= Your assignment =
No picture belongs in the copy. Repeat each line below exactly.

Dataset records

━━━━━━━━

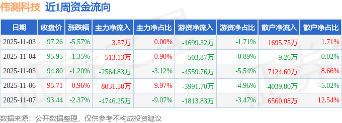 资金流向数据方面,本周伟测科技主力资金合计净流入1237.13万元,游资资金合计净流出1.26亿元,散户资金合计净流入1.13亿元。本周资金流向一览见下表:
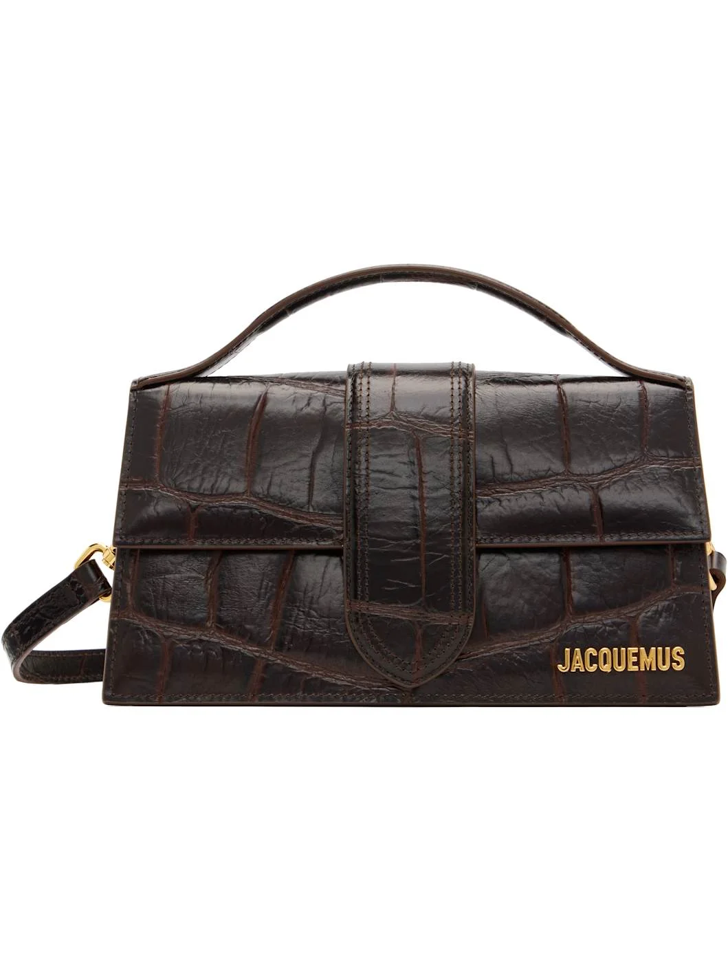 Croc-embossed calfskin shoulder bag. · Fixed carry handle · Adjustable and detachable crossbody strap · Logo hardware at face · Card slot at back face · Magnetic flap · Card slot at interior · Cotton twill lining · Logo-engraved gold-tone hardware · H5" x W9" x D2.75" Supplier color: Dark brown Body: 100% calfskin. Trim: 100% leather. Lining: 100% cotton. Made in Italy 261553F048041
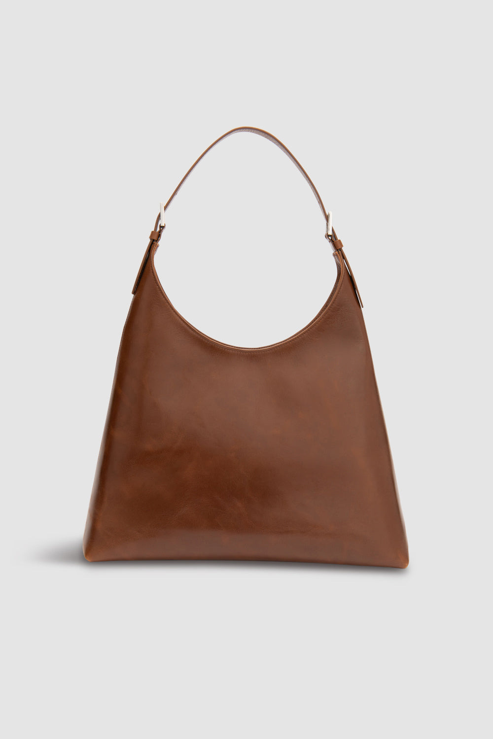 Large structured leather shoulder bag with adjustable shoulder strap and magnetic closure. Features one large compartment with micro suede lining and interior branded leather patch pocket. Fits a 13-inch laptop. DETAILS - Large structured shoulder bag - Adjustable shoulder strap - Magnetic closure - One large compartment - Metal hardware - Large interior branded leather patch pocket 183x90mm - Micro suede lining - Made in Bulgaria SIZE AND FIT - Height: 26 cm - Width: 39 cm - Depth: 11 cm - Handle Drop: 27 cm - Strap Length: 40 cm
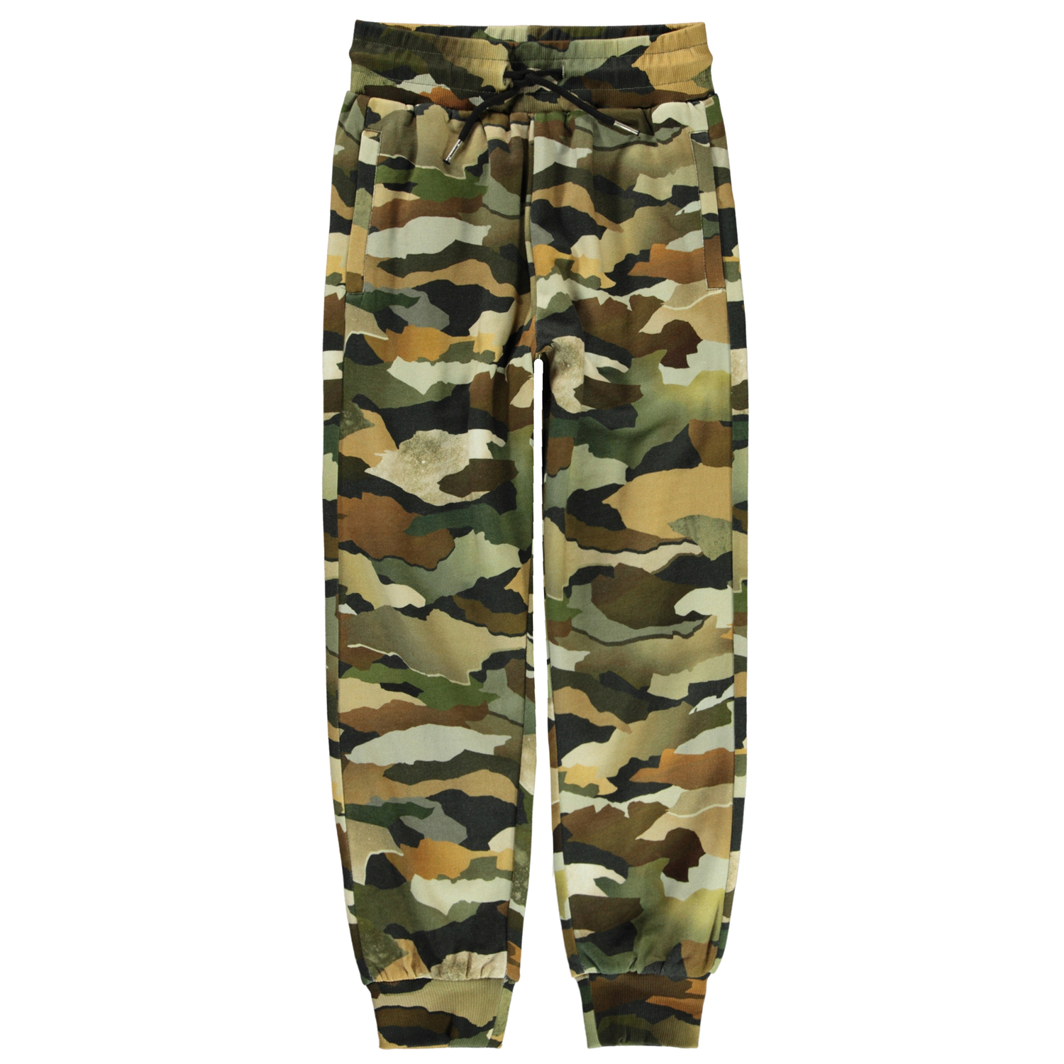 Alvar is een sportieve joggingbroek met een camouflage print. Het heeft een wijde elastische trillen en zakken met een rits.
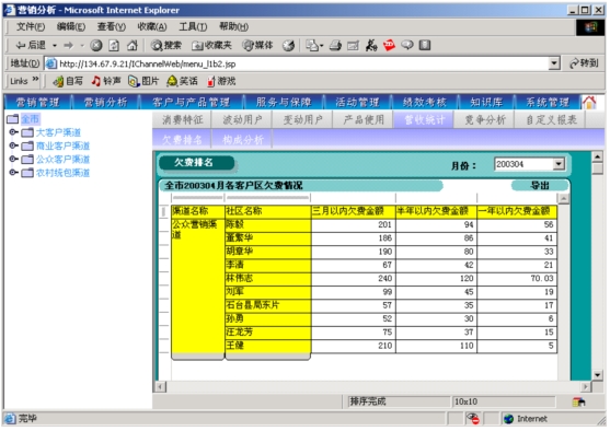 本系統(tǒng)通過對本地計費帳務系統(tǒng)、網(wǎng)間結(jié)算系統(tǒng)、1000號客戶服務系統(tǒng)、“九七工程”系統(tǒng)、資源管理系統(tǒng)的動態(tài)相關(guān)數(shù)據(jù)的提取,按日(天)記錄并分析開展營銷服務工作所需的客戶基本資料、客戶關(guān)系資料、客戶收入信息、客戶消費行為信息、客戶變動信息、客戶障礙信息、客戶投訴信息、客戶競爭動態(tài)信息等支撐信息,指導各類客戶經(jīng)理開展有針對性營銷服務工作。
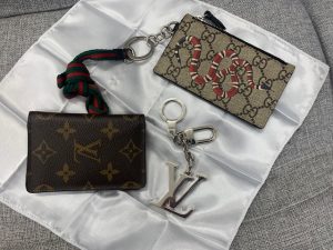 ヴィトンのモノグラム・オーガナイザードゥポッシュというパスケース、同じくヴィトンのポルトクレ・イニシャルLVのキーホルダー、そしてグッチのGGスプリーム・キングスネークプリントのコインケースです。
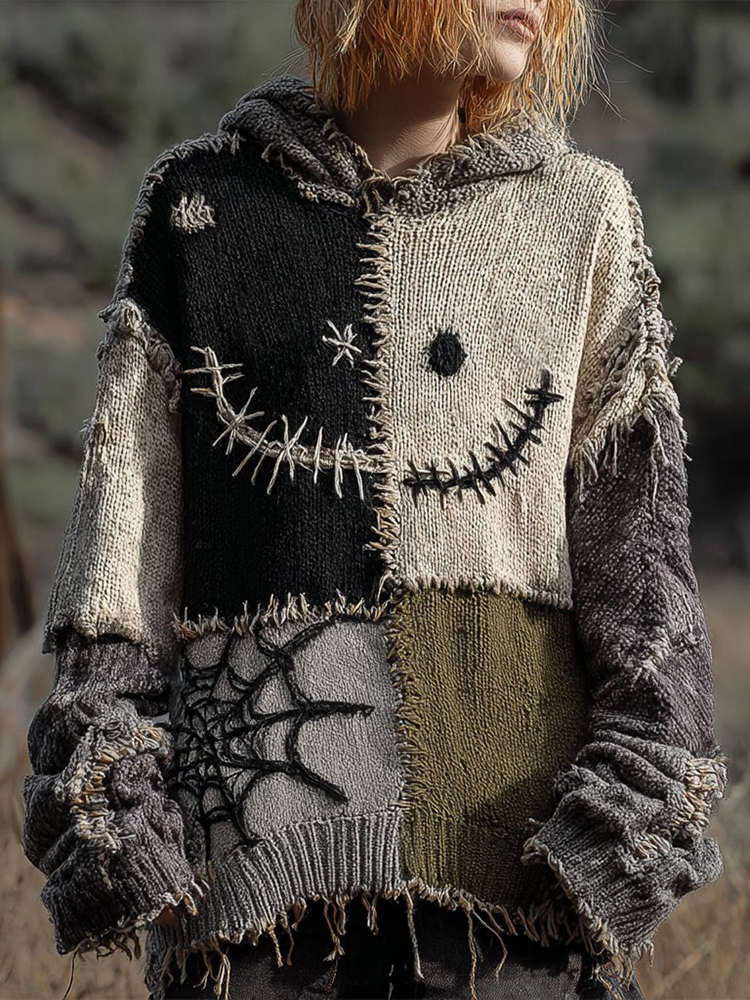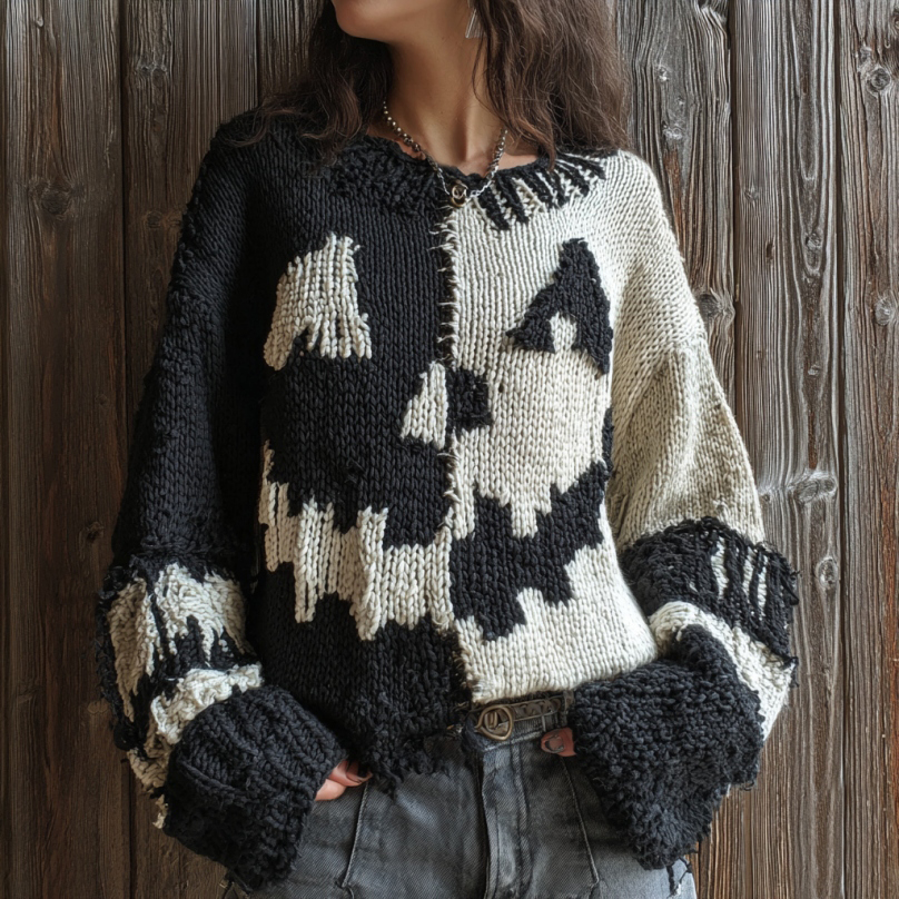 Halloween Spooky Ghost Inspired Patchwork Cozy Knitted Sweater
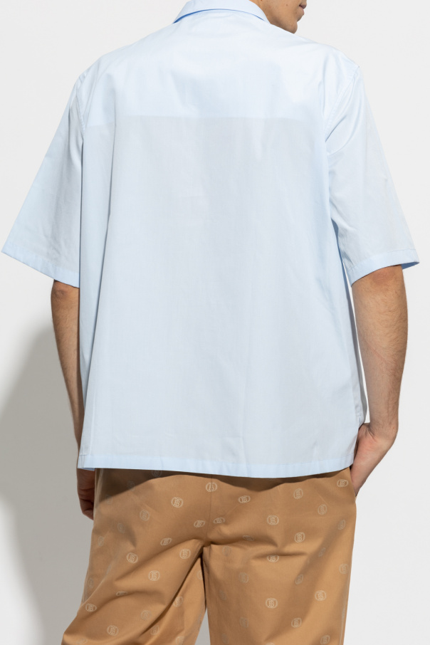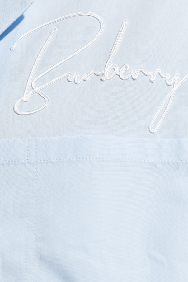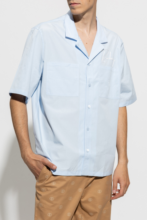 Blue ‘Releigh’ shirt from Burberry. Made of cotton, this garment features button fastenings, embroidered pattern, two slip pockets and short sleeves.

━━━━━━━━

= Response box =
 资金流向数据方面,本周伟测科技主力资金合计净流入1237.13万元,游资资金合计净流出1.26亿元,散户资金合计净流入1.13亿元。本周资金流向一览见下表:
 Croc-embossed calfskin shoulder bag. · Fixed carry handle · Adjustable and detachable crossbody strap · Logo hardware at face · Card slot at back face · Magnetic flap · Card slot at interior · Cotton twill lining · Logo-engraved gold-tone hardware · H5" x W9" x D2.75" Supplier color: Dark brown Body: 100% calfskin. Trim: 100% leather. Lining: 100% cotton. Made in Italy 261553F048041
 Large structured leather shoulder bag with adjustable shoulder strap and magnetic closure. Features one large compartment with micro suede lining and interior branded leather patch pocket. Fits a 13-inch laptop. DETAILS - Large structured shoulder bag - Adjustable shoulder strap - Magnetic closure - One large compartment - Metal hardware - Large interior branded leather patch pocket 183x90mm - Micro suede lining - Made in Bulgaria SIZE AND FIT - Height: 26 cm - Width: 39 cm - Depth: 11 cm - Handle Drop: 27 cm - Strap Length: 40 cm
 Alvar is een sportieve joggingbroek met een camouflage print. Het heeft een wijde elastische trillen en zakken met een rits.
 本系統(tǒng)通過對本地計費帳務系統(tǒng)、網(wǎng)間結(jié)算系統(tǒng)、1000號客戶服務系統(tǒng)、“九七工程”系統(tǒng)、資源管理系統(tǒng)的動態(tài)相關(guān)數(shù)據(jù)的提取,按日(天)記錄并分析開展營銷服務工作所需的客戶基本資料、客戶關(guān)系資料、客戶收入信息、客戶消費行為信息、客戶變動信息、客戶障礙信息、客戶投訴信息、客戶競爭動態(tài)信息等支撐信息,指導各類客戶經(jīng)理開展有針對性營銷服務工作。
 ヴィトンのモノグラム・オーガナイザードゥポッシュというパスケース、同じくヴィトンのポルトクレ・イニシャルLVのキーホルダー、そしてグッチのGGスプリーム・キングスネークプリントのコインケースです。
 Halloween Spooky Ghost Inspired Patchwork Cozy Knitted Sweater
 Blue ‘Releigh’ shirt from Burberry. Made of cotton, this garment features button fastenings, embroidered pattern, two slip pockets and short sleeves.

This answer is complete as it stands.